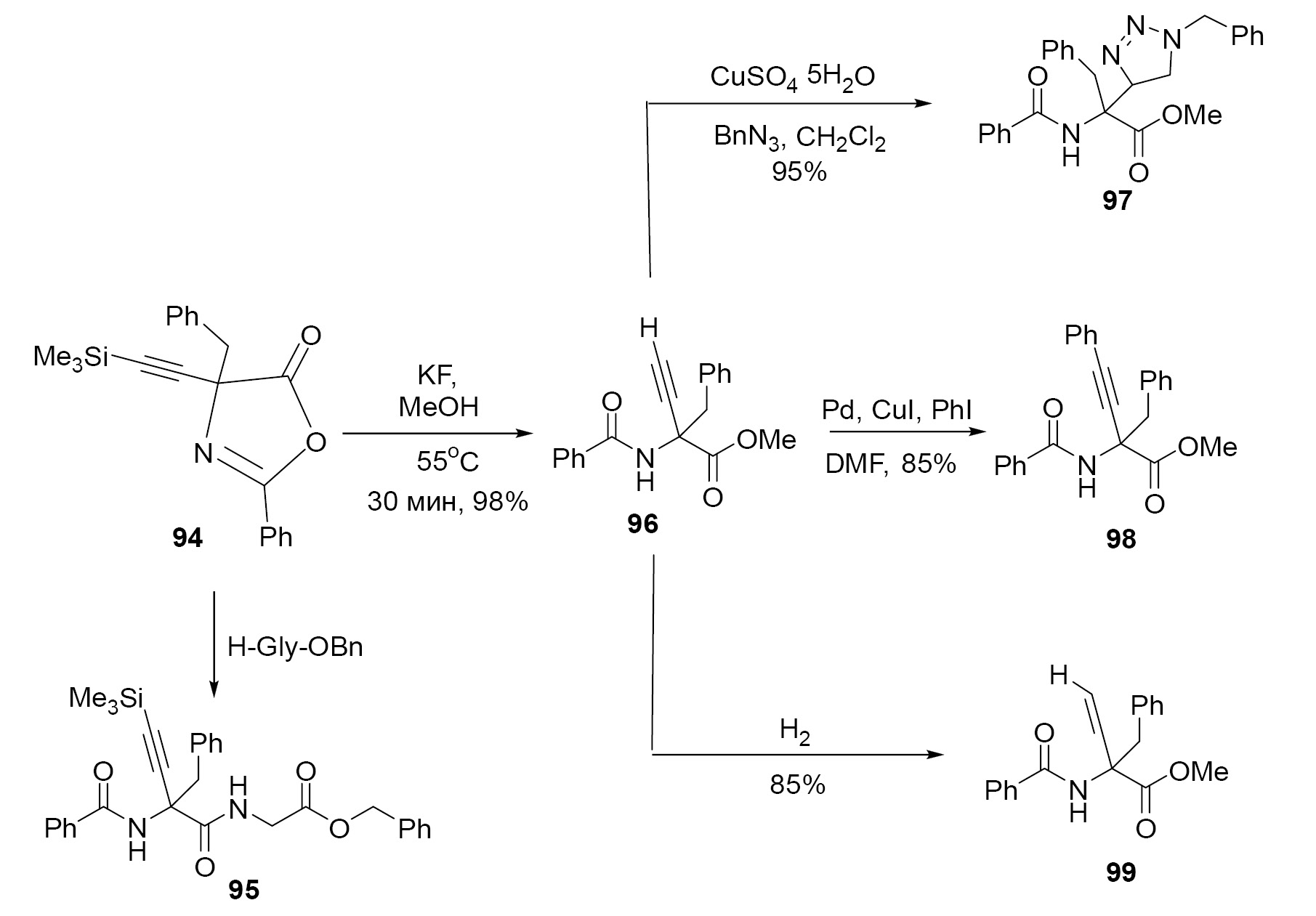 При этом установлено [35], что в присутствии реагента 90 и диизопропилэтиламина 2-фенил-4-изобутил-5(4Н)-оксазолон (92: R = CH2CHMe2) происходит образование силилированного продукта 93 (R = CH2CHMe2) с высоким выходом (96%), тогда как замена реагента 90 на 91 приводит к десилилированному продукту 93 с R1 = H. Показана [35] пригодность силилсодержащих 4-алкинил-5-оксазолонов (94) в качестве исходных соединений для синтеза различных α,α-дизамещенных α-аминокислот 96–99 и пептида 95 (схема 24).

--

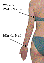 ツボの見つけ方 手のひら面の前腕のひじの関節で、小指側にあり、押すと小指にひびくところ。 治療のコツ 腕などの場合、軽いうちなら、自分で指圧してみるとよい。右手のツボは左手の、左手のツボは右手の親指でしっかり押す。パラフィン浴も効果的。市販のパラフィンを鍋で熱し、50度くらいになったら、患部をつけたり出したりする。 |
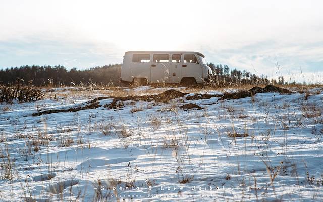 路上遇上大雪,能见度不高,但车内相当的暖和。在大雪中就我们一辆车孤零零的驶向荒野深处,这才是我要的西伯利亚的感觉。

--

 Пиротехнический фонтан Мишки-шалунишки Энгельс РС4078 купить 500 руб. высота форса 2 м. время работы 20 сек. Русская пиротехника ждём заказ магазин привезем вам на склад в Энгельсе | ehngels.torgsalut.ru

■ **Exercise aim**
Leaving out each picture, repeat exactly the lines above from the one that contains "ツボの見つけ方 手のひら面の前腕のひじの関節で、小指側にあり、押すと小指にひびくところ。 治療のコツ" through the one that contains "路上遇上大雪,能见度不高,但".

■ **Completed task**
 ツボの見つけ方 手のひら面の前腕のひじの関節で、小指側にあり、押すと小指にひびくところ。 治療のコツ 腕などの場合、軽いうちなら、自分で指圧してみるとよい。右手のツボは左手の、左手のツボは右手の親指でしっかり押す。パラフィン浴も効果的。市販のパラフィンを鍋で熱し、50度くらいになったら、患部をつけたり出したりする。 |
 路上遇上大雪,能见度不高,但车内相当的暖和。在大雪中就我们一辆车孤零零的驶向荒野深处,这才是我要的西伯利亚的感觉。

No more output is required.